# Source records
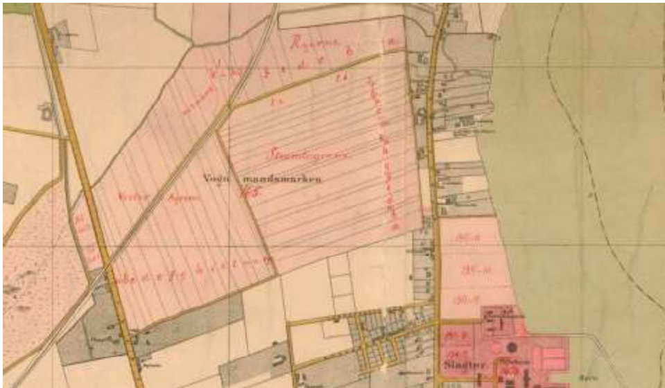
Kortudsnit 1879

Området var tidligere del af Vognmandsmarken, hvor vognmandslavets heste græssede. I 1893 overgik arealet til Ingeniørtropperne. Arealets trekantede form skyldes anlæggelsen af Nørrebrobanen, Kystbanen og Frihavnsbanen omkring år 1900.
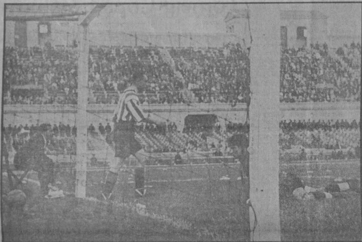
Un dels gols marcats pel Sunderland. Nogues s'ha llançat magnífic i ràpid, però impotent — batut ja — a evitar el punt. La pilota és ja dintre la xarxa, mentre el davanter anglès, sense perdre la serenitat, com aquell que no ha fet res, se'n torna a seu lloc...
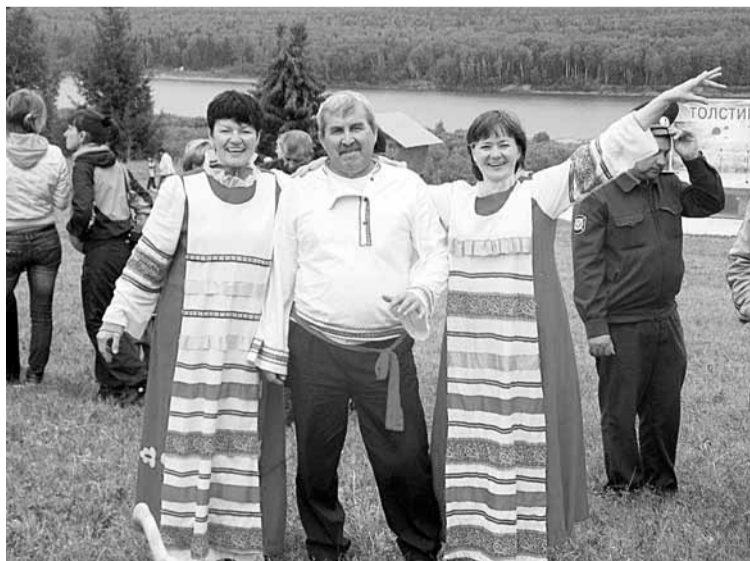
Им близки природа и народные традиции. На Толстиковской ярмарке.
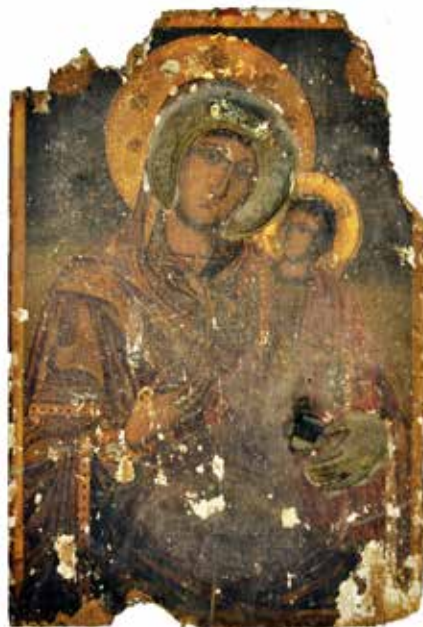
Сл. 2 Затечено стање иконе Богородице са Младенцем
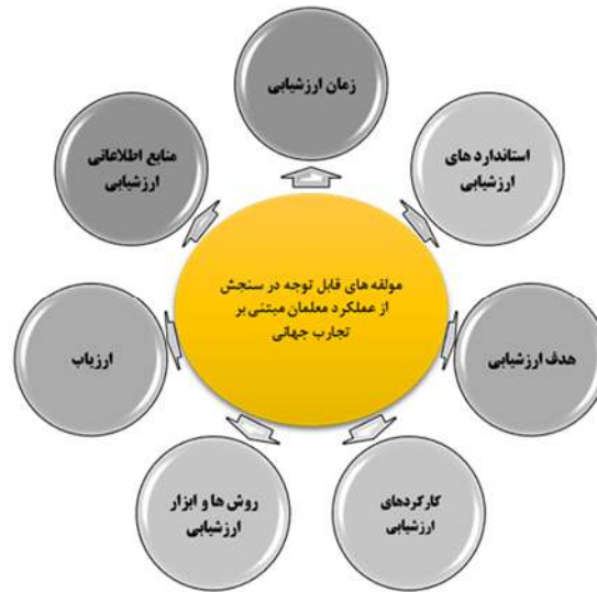
شکل ۱. مولفه‌های قابل توجه در سنجش از عملکرد معلمان مبتنی بر تجارب جهانی

استانداردها، فرایندها، ابزارها و پیامدها برای ارزشیابی عملکرد معلمان در این کشورها را استخراج نمود. در جداول زیر استانداردها و اصول ارزیابی پرداخته شده است. دسته‌بندی آنها بر اساس اجباری، پیشنهادی یا غیرپیشنهادی بودن در هر کشور انجام شده است. با وجود تنوع رویکردها، بر مجموعه‌ای از اصول و مولفه‌های کلیدی برای ارزشیابی مؤثر عملکرد معلمان ابتدایی تأکید می‌شود.
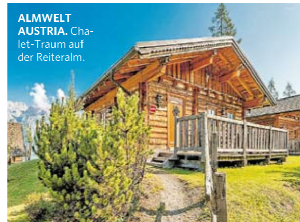
ALMWELT AUSTRIA. Chalet-Traum auf der Reiteralm.

Chalet-Urlaub punktet mit der Freiheit, tun und lassen zu können, was man möchte. Den Rhythmus für die Auszeit gibt man selbst vor.
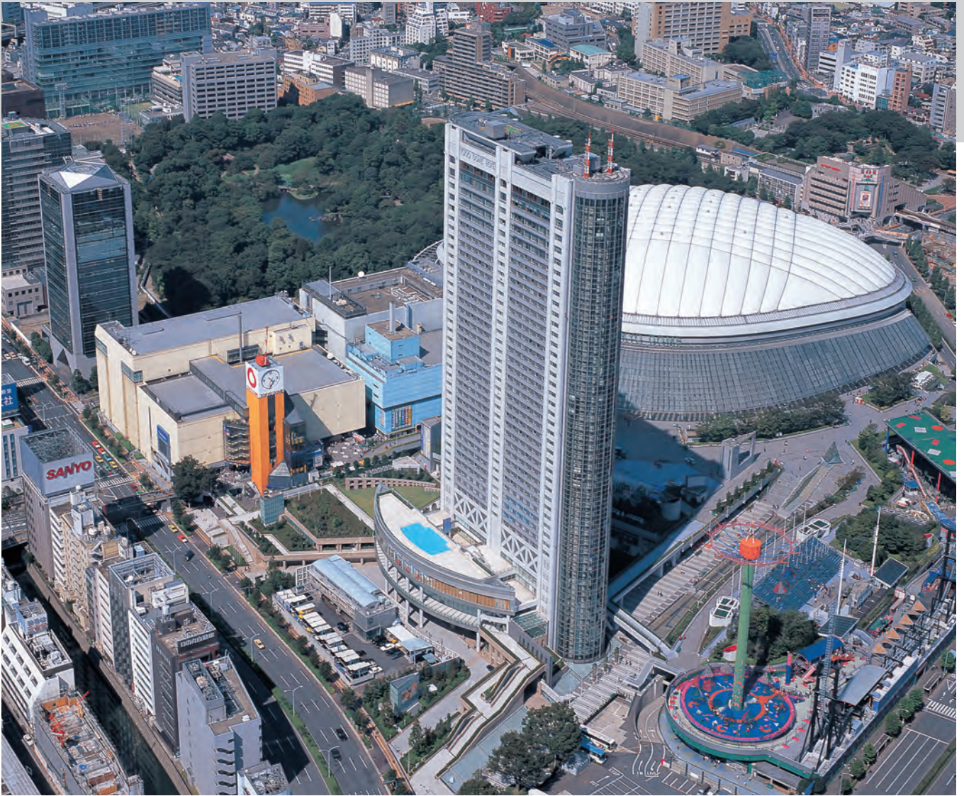
東京ドームホテル
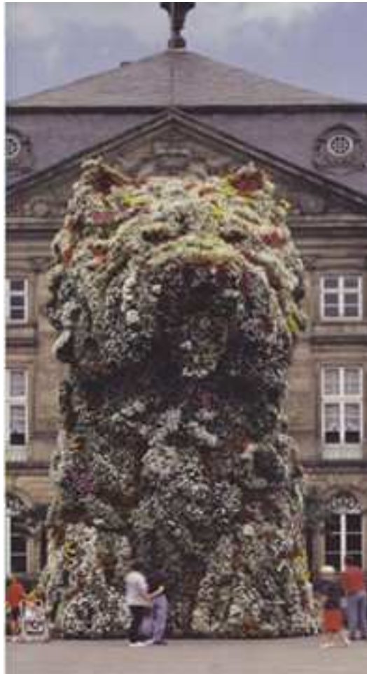
Puppy, Jeff Koons

Bij het vaststellen van de exacte route(s) wordt uitgegaan van de schoonheid van het landschap en de mogelijkheid om gebruik te maken van gebiedsdelen in eigendom van derden. Waar mogelijk worden de routes gevolgd zoals die te vinden zijn op de wandelkaart 'De Brabantse Kempen' van Falk uitgeverij. De mogelijkheden voor kunsttoepassingen zullen in een aparte vervolgotitie van bkcc worden uitgewerkt in concrete voorstellen.
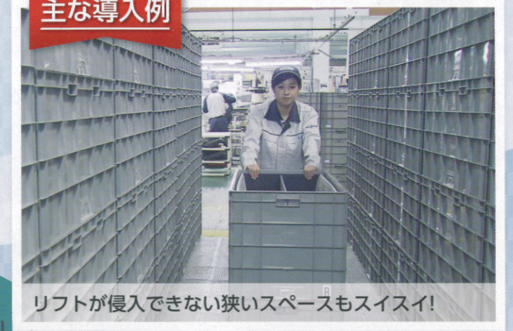
リフトが侵入できない狭いスペースもスイスイ!
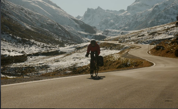
Lyon-Istanbul à vélo
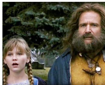
1995 JUMANJI (Jumanji) de Joe Johnston avec Kirsten Dunst
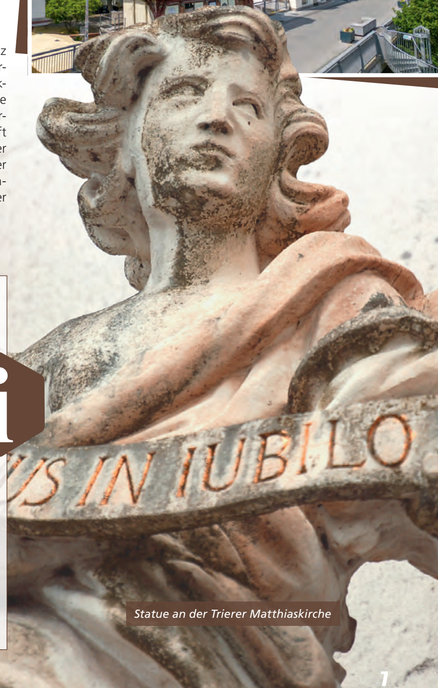
Statue an der Trierer Matthiaskirche

# Problem to solve
The output is the stretch above from the line with "Им близки природа" through the line with "شکل ۱. مولفه‌های", copied word for word with both ends kept and every picture dropped.

# Written response
Им близки природа и народные традиции. На Толстиковской ярмарке.
Сл. 2 Затечено стање иконе Богородице са Младенцем
شکل ۱. مولفه‌های قابل توجه در سنجش از عملکرد معلمان مبتنی بر تجارب جهانی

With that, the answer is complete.